What is RRL (Read Recovery Level) on an SSD and What is it for?

There is no storage medium that is completely immune to data corruption , but as technology advances, there are more and more mechanisms to mitigate its adverse effects. Now, with the NVMe 1.4 specification introduced in SSDs that make use of this protocol, a new feature called RRL or Read Recovery Level has been enabled, a mechanism that helps the SSD to recover from errors due to corrupted data automatically. And in this article we are going to explain what it is exactly and how it works.

There are many factors that can influence the fact that corrupted data occurs on a storage device, and one of the advantages of SSDs is that protection mechanisms and even resolution mechanisms can be integrated into the controller itself, as is the case with the NVMe 1.4 protocol that has recently been released. Today we are going to take an in-depth look at one of these mechanisms, perhaps the most important to avoid data corruption.

Read Recovery Level (RRL) on NVMe 1.4 SSDs

The NVMe 1.4 specification (be careful because this feature we are talking about is not integrated in previous versions) presents several new functions to help handle unrecoverable read errors and corrupted data, especially in RAID configurations and similar scenarios where the host system you can recover problem data much more quickly simply by removing it from another location. Let’s explain it.

The Read Recovery Level feature allows the host system (the controller, essentially) to configure how hard the SSD should attempt to recover corrupted data when problems occur. SSDs usually have several layers of error correction (ECC) as you can see in the image above, and each of the layers is more robust but at the same time slower (penalizes performance) and consumes more power, generating more heat. at the same time.

In a RAID 1 or similar scenario, the host system will generally prefer to get rid of an error quickly by simply trying to read the same data that has been corrupted on an SSD in another of the drives that make up the RAID configuration, replacing the corrupted data to continue operating normally. . Until now the SSD had to try to correct the problem by itself with the ECC mechanisms, slowing down the performance of the unit and considerably increasing the consumption of energy and generated heat; furthermore, this method does not guarantee the recovery of corrupted data, although it does work well when simply reading errors occur.

NVMe already supports Time Limited Error Recovery (TLER), but this only allows the host system to put a limit on error handling time in 100ms increments. Read Recovery Levels allow drives to provide up to 16 different levels of error handling strategies, but drives that implement this feature are only required to actually implement a minimum of two levels to meet the standard. NVMe 1.4 standard. This feature is set at the assembly level by NVM.

Unrecoverable read errors on SSDs

To proactively prevent unrecoverable read errors, the NVMe 1.4 specification also adds the Verify and Get LBA Status commands. The Verify command is simple: it does everything a normal read command does except return data to the host system, but with the exception that if a read command returns an error, a verify command will return the same error. If a read command is successful, so will the Verify command.

This makes it possible to perform low-level cleaning of stored data without being bogged down by host interface bandwidth. Some SSDs will react to a fixable ECC error by moving or rewriting the degraded or corrupted data, and a verify command will trigger the same behavior. In general, this reduces the need for debugging and checksum verification at the filesystem level, which results not in a performance improvement, but does prevent performance from being degraded. Each Verify command is labeled with a bit that indicates whether the SSD should quickly dismiss the error or attempt to recover the data, similar but overriding the Read Recovery Level setting.

For its part, the Get LBA Status function allows the unit to provide the host with a list of blocks that are likely to end up resulting in unrecoverable read errors if a read or verify command is attempted on them; In other words, the controller is able to compile a list of data that are candidates for failure and / or problems beforehand, before the errors occur.

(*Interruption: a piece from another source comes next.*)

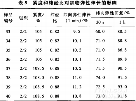 在其他參數(shù)不變的情況下,組織結(jié)構(gòu)對織物的緯向彈性影響比較大。平紋組織,單面嗶嘰2/1,雙面組織2/2,2/2變化組織對織物彈性伸長的影響見表6。由表6可以看出,結(jié)構(gòu)較松及長浮線織物,緯向伸長和回復(fù)率比較好…。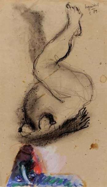 Nu Technique mixte sur papier, signée et datée "II 89" en haut à droite 47 x 28 cm

The SSD may already have detected ECC errors during background autoscan, or in severe cases it can report which LBAs are affected by a channel failure or full NAND die. The Get LBA Status function can also be used to request the SSD to perform a scan of the selected data ranges before returning the list of potentially unrecoverable blocks.

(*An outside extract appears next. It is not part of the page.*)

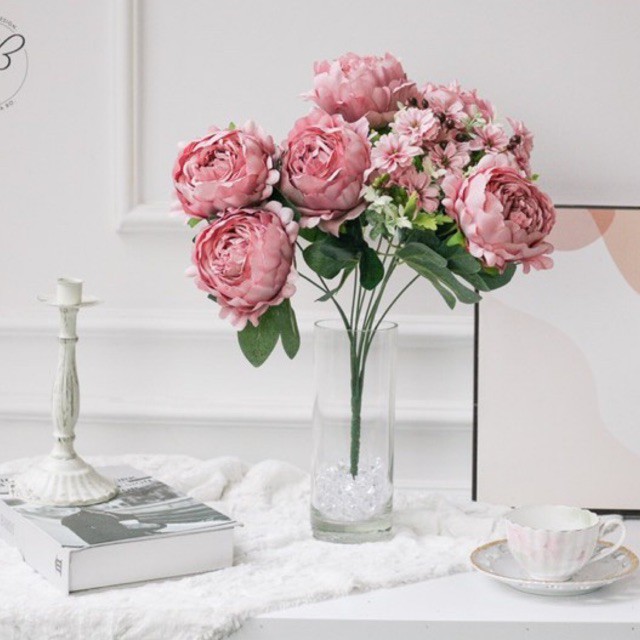 Nhà cửa & Đời sống > Trang trí nhà cửa > Hoa trang trí || Bó Hoa Mẫu Đơn Cao Cấp Merber (Mơ & Bơ) Cụm 5/6/9 Bông Nhiều Màu - Bông Khô Hoa Giả Decor Trang Trí NhàCòn hàng

When the host system discovers that there is corrupted or missing data, either through the Get LBA Status function, by issuing normal read commands, or by using the Verify function, it can write this data back to the same LBA using a copy obtained from somewhere else (such as in a RAID system or in a backup) and then continue to use those logical blocks as normal, while the SSD will remove any physical blocks that are bad if necessary.

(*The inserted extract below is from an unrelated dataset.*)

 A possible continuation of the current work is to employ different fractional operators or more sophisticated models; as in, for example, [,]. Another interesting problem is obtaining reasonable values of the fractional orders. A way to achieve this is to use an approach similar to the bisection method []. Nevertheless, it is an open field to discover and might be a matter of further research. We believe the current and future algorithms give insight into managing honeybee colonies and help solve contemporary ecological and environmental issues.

As you can see, these are just some of the mechanisms that SSDs have to preserve the integrity of the data when problems occur in the unit, and at each new revision of the standards (which as in this case come from the NVMe 1.4 standard ), the mechanisms for detecting, protecting and solving problems continue to be improved. However, we must remember that despite everything irreversible errors can occur that end up damaging the unit, no one is free from that (for now).